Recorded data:
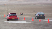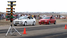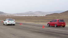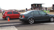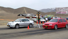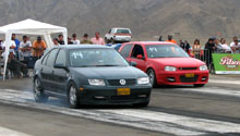 Se pusieron en partida los dos primeros competidores, Javier Carmona a bordo de su STI blanco, aprovechó la tracción integral del Impreza y logró una considerable ventaja inicial sobre el Golf -tracción delantera- de Alan Chau, su victoria parecía inminente, sin embargo el Golf rojo se recuperó vertiginosamente, llegando por fin a superarlo varios metros antes de la línea final. El siguiente rival fue otro Impreza, del debutante Jaime Rodríguez-Mariategui. La carrera pareció un calco de la anterior, el Impreza se alejó al comienzo pero el Golf recuperó la ventaja inicial y pasó nuevamente primero por la meta.
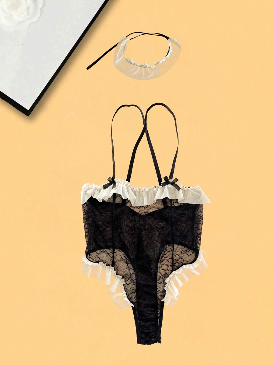 Tag : 1pc Sexy Lingerie Lace Cut Out Backless Teddy Jumpsuit SHEIN USA
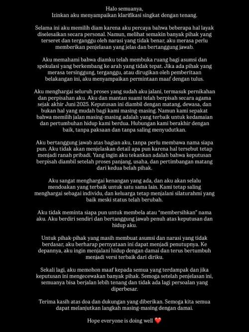 "Semoga setelah penjelasan ini, semuanya bisa berjalan lebih tenang dan tidak ada lagi persoalan yang diperbesar. Terima kasih atas doa dan dukungannya. Semoga kita semua dapat melanjutkan hidup masing-masing dengan damai," tuturnya.
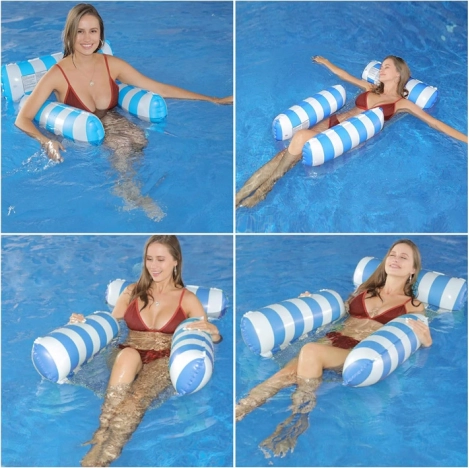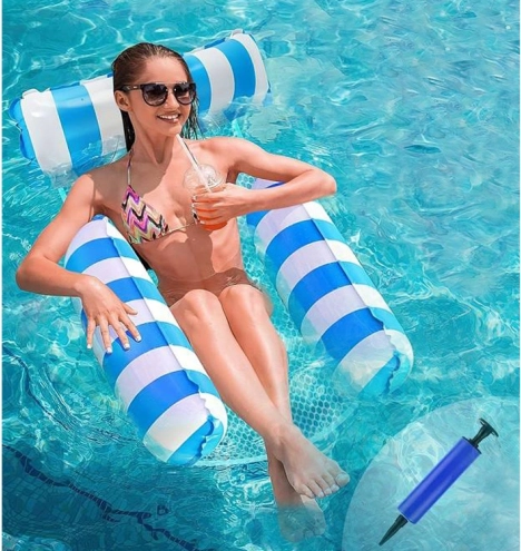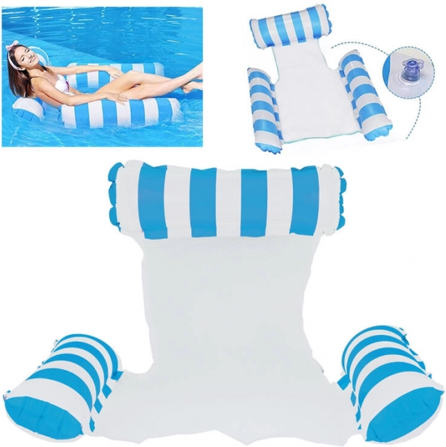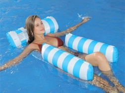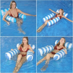 Búcsúzzon az átlagos úszómatracoktól és üdvözölje a különleges megoldást - a függőágy stílusú matracot, amely tökéletes a forró nyári napokra. Részleges vízbe merülést tesz lehetővé, így napozás közben mindig kellemes hűvösben lesz. A matrac tartós PVC-ből készült felfújható részekkel és nylon hálóval van összekapcsolva a maximális kényelem érdekében. Elegáns kék-fehér dizájnja pedig a nyaralási fotóinak éke lesz.
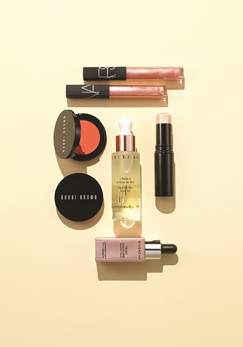 (위부터 시계 방향으로) ‘나스 글로스 모먼트 멀티 유즈 글로스’ 입술, 눈, 볼에 단독으로 바르거나 메이크업 위에 덧바르면 어느 각도에서나 글래머러스하게 빛나는 효과를 연출할 수 있는 제품. 비타민 E와 코코넛 오일을 함유해 피부를 보호하고 수분을 공급한다. 위부터 각각 #릴렌트리스, #리뎀션(5.2ml 3만6천원). ‘샤넬 바움 에쌍씨엘 트랜스페어런트’ 부드럽고 자연스러운 윤곽을 연출해 얼굴에 생기를 되살려주는 글로 스틱. 메이크업 마무리 단계에서 하이라이터로 눈꺼풀, 눈썹 뼈, 양 볼에 부드럽게 발라 광채를 더하거나, 투명한 컬러 표현을 위해 크림 블러셔를 바르기 전 블러셔 베이스 용도로 사용해도 좋다(8g 5만9천원). ‘지방시 땡 꾸뛰르 래디언트 드롭’ 촉촉한 마무리감을 자랑하는 일루미네이팅 베이스. 미세한 펄 입자를 포함한 가벼운 텍스처로 베이스 단계에서 크림 또는 파운데이션과 섞어 사용하면 얼굴 전체에 자연스러운 광이 감돈다. 혹은 베이스 메이크업을 마친 뒤 윤곽을 강조하고 싶은 부위에 내장된 브러시를 사용해 톡톡 찍어내듯 발라주면 하이라이터 같은 역할을 한다(15g 6만1천원). ‘샹테카이 로즈 드 메이 페이스 오일’ 프랑스 남부 그라스 지방에서 자라는 5월의 장미를 주성분으로 오직 자연에서 유래한 성분만 담은 제품. 피부에 풍부한 비타민 C를 공급하며 강력한 안티에이징 및 피부 재생 효과를 발휘한다. 세럼, 크림과 블렌딩하거나 마스크 팩을 붙일 때 사용하면 기초 케어의 효과를 배가하며 메이크업 제품에 섞어 연출하면 좀 더 촉촉하고 자연스러운 피부를 연출할 수 있다(30ml 27만5천원). ‘바비 브라운 팟 루즈 포 립스 앤 칙스’ 립과 치크에 모두 사용할 수 있는 크림 제형의 멀티 제품. 중간 정도 톤으로 투명하고 자연스럽게 발색되어 여러 번 덧발라도 어색하지 않다. 거울을 내장한 콤팩트한 패키지로 휴대와 사용이 간편한 것 또한 장점. 커버가 반쯤 열려 있는 제품의 컬러는 #칼립소 코랄(3.7g 4만4천원대).
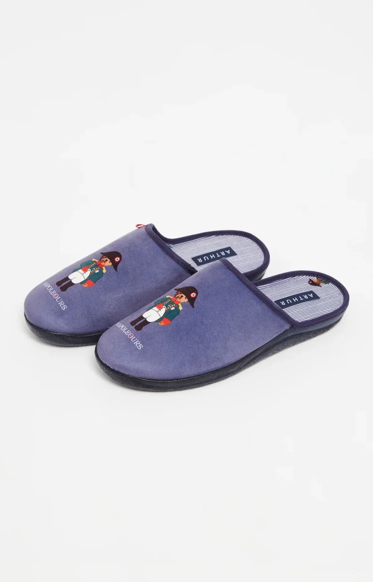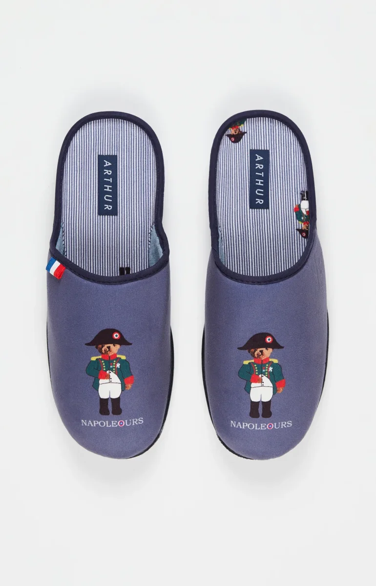 Cet hiver, soyez “Napoléours” jusqu’au bout des orteils ! Ces chaussons homme au dessus en jersey et à la sérigraphie unique, originale et décalée possèdent une semelle à mémoire de forme qui feront passer des moments de bonheur à vos gambettes.
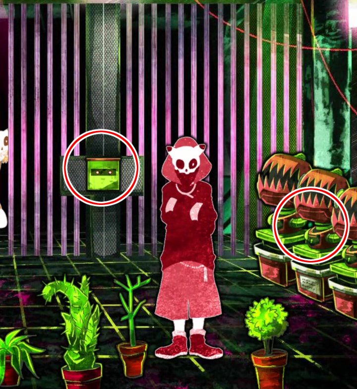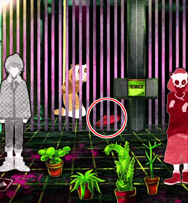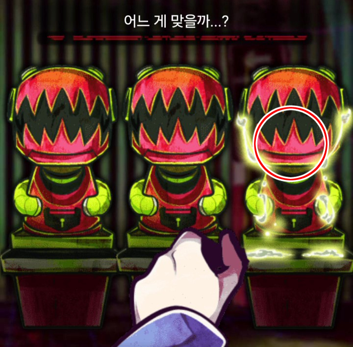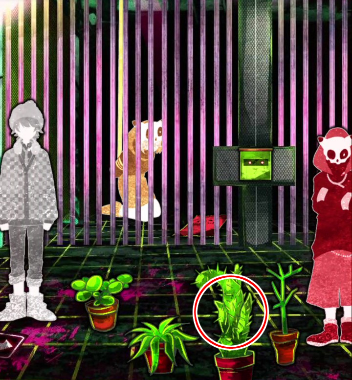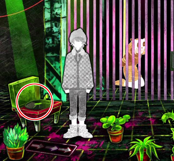 정체모를 감옥 : 레코드판 조사 → 선인장 조사 → 레코드판 조사 → 눈물 흘리는 기계장치 조사 → 키패드 조사
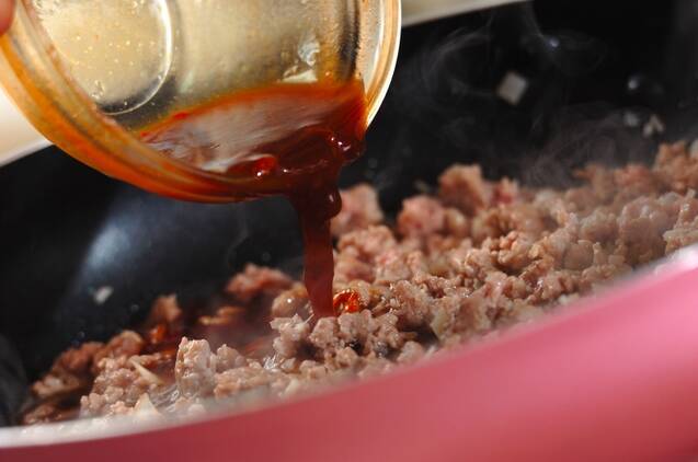 フライパンにゴマ油、ニンニクを入れ、弱火で香りが出るまで炒める。豚ひき肉、白ネギも加え、色が変わったら<A>も加えてよく炒める。
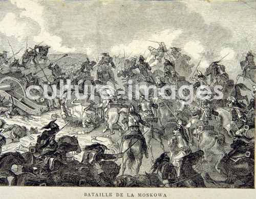 Napoleon I., Kaiser der Franzosen, 1769 - 1821. Kampf um Moskau , 1812, Stich BIBLIOTECA NACIONAL . MADRID - NAPOLEON I EMPERADOR DE FRANCES . 1769 - 1821 BATALLA DE MOSCU EN 1812, QUE TERMINO CON LA OCUPACION DE LA CIUDAD POR NAPOLEON. Grabado BIBLIOTECA NACIONAL . MADRID
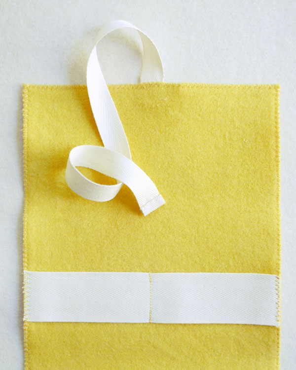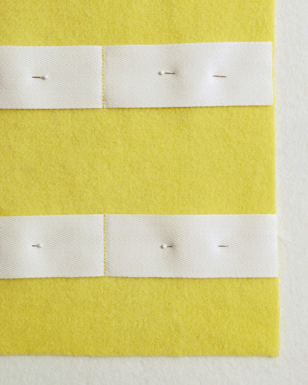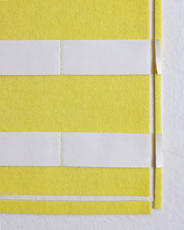 Costure um pedaço dessa tira de sarja entre os tecidos, como na imagem acima.
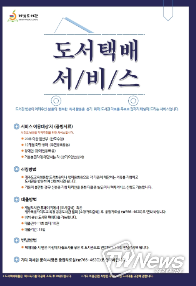 [제주교통복지신문=박희찬 기자] 제주도교육청 제남도서관은 남원읍 관내 주민 중 도서관 이용이 어려운 독서취약 계층에게 도서관 자료를 자택까지 무료로 배송해주는 2021년 독서취약계층 도서택배 서비스를 운영한다.
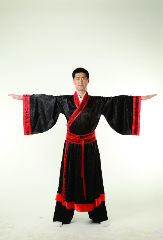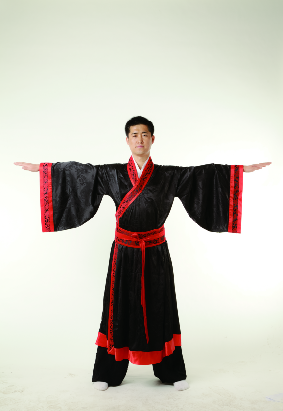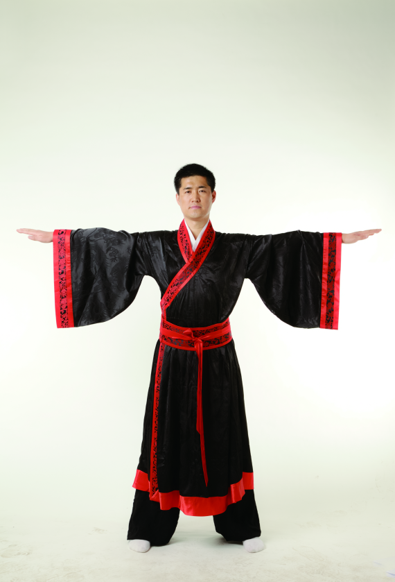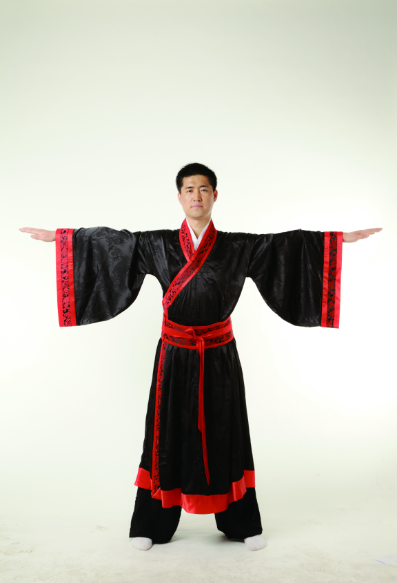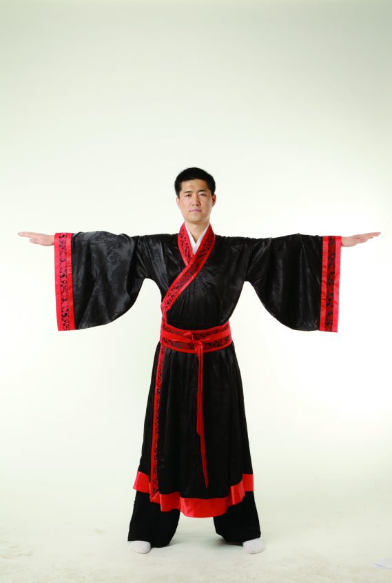 ●两脚并拢,自然站立,两臂自然下垂,头正颈直、竖脊含胸,呼吸均匀,思想安静,全身放松。
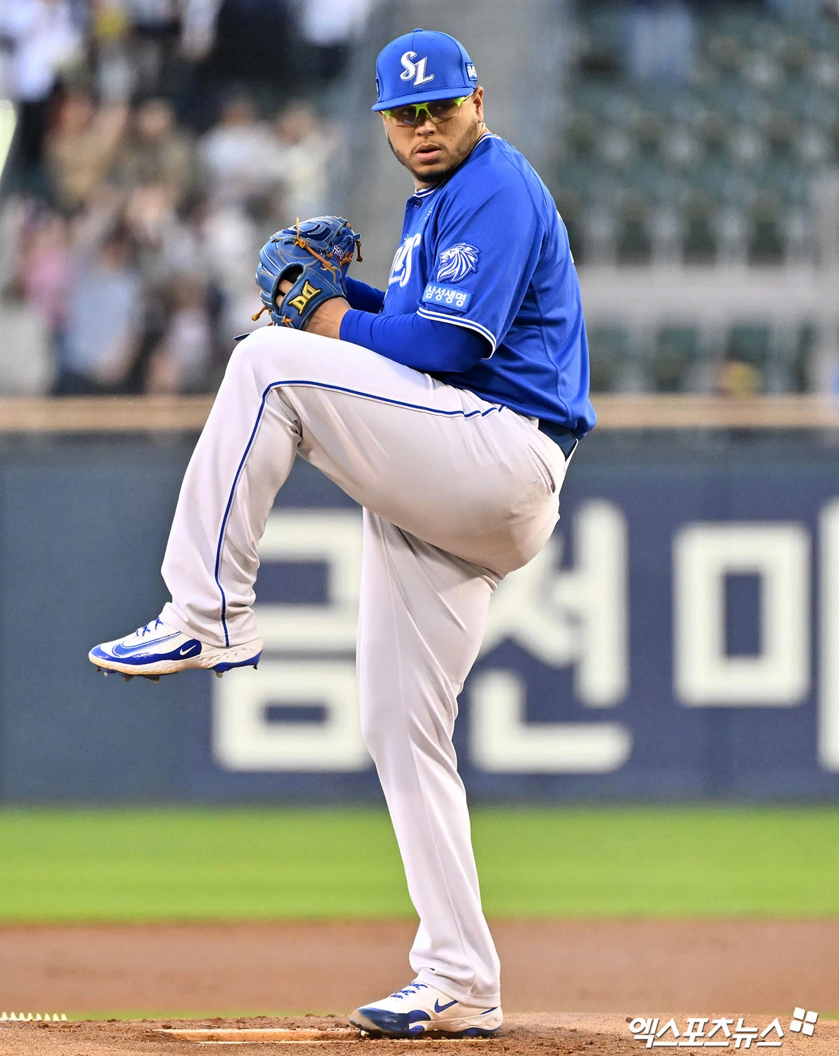 (엑스포츠뉴스 잠실, 김한준 기자) 28일 오후 서울 송파구 잠실야구장에서 열린 '2026 신한 SOL Bank KBO리그' 삼성 라이온즈와 두산 베어스의 경기, 1회말 삼성 선발투수 후라도가 공을 힘차게 던지고 있다.
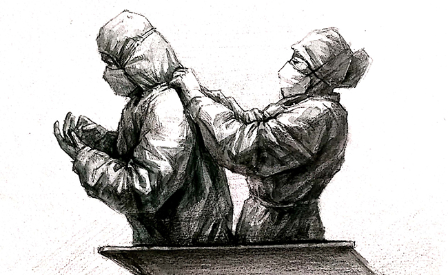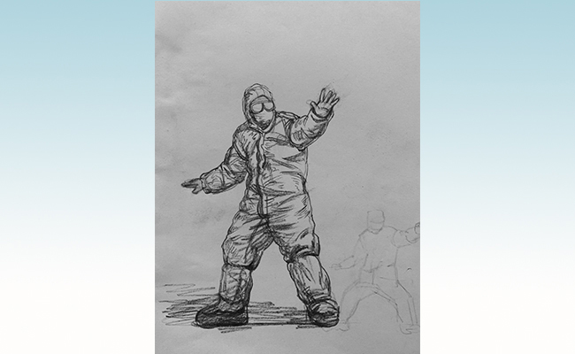 此次主题性创作以《逆行者》为主题,同学们利用创作构图训练的知识进行创作,表达面对当下疫情的真实感受,在线完成了一次特殊的“云创作”。
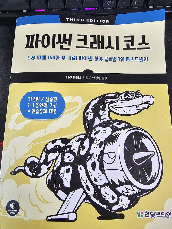 파이썬은 2023년 가장 인기있는 언어 중 하나다. 이 인기는 최소 10년간 줄어들지 않을거라 생각한다. 머신러닝이 대세인 이유도 있지만 다른 언어에 비해 사용하기 더 쉽기 때문이다. 이런 인기에 힘입어 해외에서도 파이썬 입문 책이 베스트 셀러가 된 것 같다. 누적 판매량 150만부라는 '파이썬 크래시 코스' 책을 받아보았다.
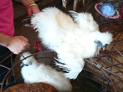 Silky or Silkie, a breed of domesticated chicken, with a unique, smooth and fluffy plumage, which is usually white and is said to feel like silk.
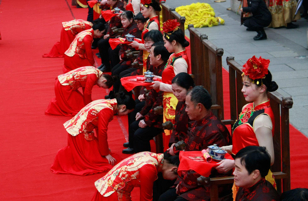 1月31日,杭州,小年夜前一天,一单位12位员工跪拜自己的父母,行传统拜年礼仪,并发给父母过年压岁钱。据主办方称,此次活动是为了提倡传统孝道,感谢父母多年的养育之情。
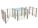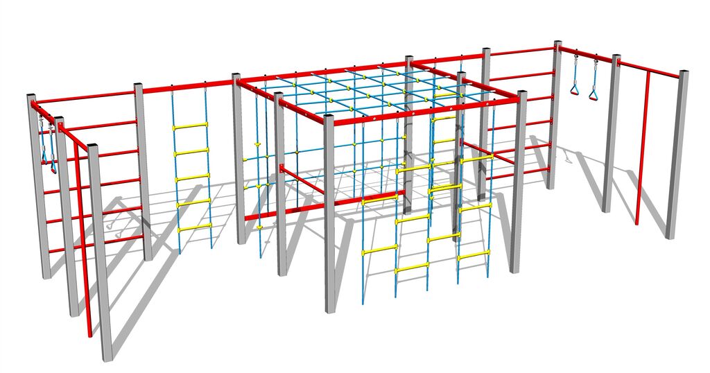 Lezecká stena, šplhacia sieť, rebriny, 2x šplhacia tyč, lanový rebrík, 2x šplhacie lano, rúčkovacia sieť.

● Problem:
The lines to be quoted run from the line containing "1月31日,杭州,小年夜前一" through the end of the entries above, both included; quote them exactly and leave out any pictures.

● Exercise answer:
 1月31日,杭州,小年夜前一天,一单位12位员工跪拜自己的父母,行传统拜年礼仪,并发给父母过年压岁钱。据主办方称,此次活动是为了提倡传统孝道,感谢父母多年的养育之情。
 Lezecká stena, šplhacia sieť, rebriny, 2x šplhacia tyč, lanový rebrík, 2x šplhacie lano, rúčkovacia sieť.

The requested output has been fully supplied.